Tom Friedman just left the stage at PopTech, having talked a bit about about his GeoGreens notion. Friedman frustrates me; his work in the 1980s and early 1990s on the Middle East was remarkable and insightful, but he's lost me with his recent work. His analysis of globalization feels mired in the 20th century -- an amazement about technology coupled with a fixation on top-down authority and very traditional social structures. With his observations and declarations about Iraq turning out to be fatally in error, he's turned to the need for greater sustainability and more renewable energy. And here's where the frustration really hits -- as much as I agree with most of his proposals, his ideas are hardly new (even if he acts like these are novel discoveries and insights), and they're far too timid.

The key problem with his approach is that Friedman's observations about the environment get swallowed up by the quite traditional, limited language of international politics. I'm completely convinced that global warming is already having serious political impacts, but Friedman doesn't tell us anything that anyone with open eyes couldn't have seen five years ago -- and he tells us in a way that (as much as he wants to say that he's trying to butch up the terminology) diminishes the importance of the environment. With an emphasis on the geo-strategic aspect of energy, he opens us up to scenarios in which the political problems are solved without much impact on the environmental problems -- and the potential for "solutions" that could even make environmental (and other) problems worse.

I understand the use of people like Friedman; when he raises topics, he makes them acceptable for the chattering classes and inside-the-beltway bureaucrats to discuss. That's good, I suppose, but if the allowable discourse on the environment is only about "support for freedom" vs. "support for terrorism," we miss out on opportunities for innovation and solutions that cut across multiple problem categories. We need to think bigger, broader and faster. Fortunately, we can, we will, and more and more of us already do.

Comments

I pretty much agree with that.
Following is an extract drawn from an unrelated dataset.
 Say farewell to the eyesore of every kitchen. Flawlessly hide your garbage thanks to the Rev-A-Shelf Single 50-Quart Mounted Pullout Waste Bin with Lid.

What I hope is that Friedman is the "gateway drug" for many people, and that once they start doing a bit more research (books, internet) they'll see pass the political facet.
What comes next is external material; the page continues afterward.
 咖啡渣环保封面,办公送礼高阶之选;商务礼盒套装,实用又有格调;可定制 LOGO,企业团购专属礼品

Friedman is a poseur. He doesn't have the grace to acknowledge that everything he's saying now Bruce Sterling said eight if not twenty years ago. I advised Bruce to get a hard copy of the eight years of Viridian Notes and smack Friedman upside the head. It would do Friedman good.

Bruce did get a jab in with his comment on "name it to claim it' versus "make it not fake it" at the beginning of his talk but I hope he got a chance to blow that Johnny-Come-Lately out of the water.

I've been saying Solar Is Civil Defense for a couple of years now and fully expect that Friedman will claim the phrase for his own if he ever sees it.

At one time, I was interested in reading _The Lexus and the Olive Tree_. Then I saw Friedman on Charlie Rose and realized that old Tom hadn't a clue as to the difference between a dead metal car and a living food-producing organism. I would suspect that Friedman has never planted a seed or kept a garden. Ecology for him is only another buzzword, and an effeminate, weak one at that. He wouldn't understand an ecological system even after it's bitten him in the ass. He's a billionaire man of the people who's always right, especially when he isn't.

You should ask Bruce about Tom sometime. I'd like to hear what he has to say about Mr NYTimes OpEd Flat Earth GeoGreen Iraq War Globalizer.

Friedman fries up too many neologisms.

How can one argue with someone who coins a mot -- they'll just tell you your understanding of their word is vastly incorrect.

Reading a Friedman column, composed of an assortment of his words, is a trip to flatland. Godel would puncture his self-squaring models of the universe with a raised eyebrow.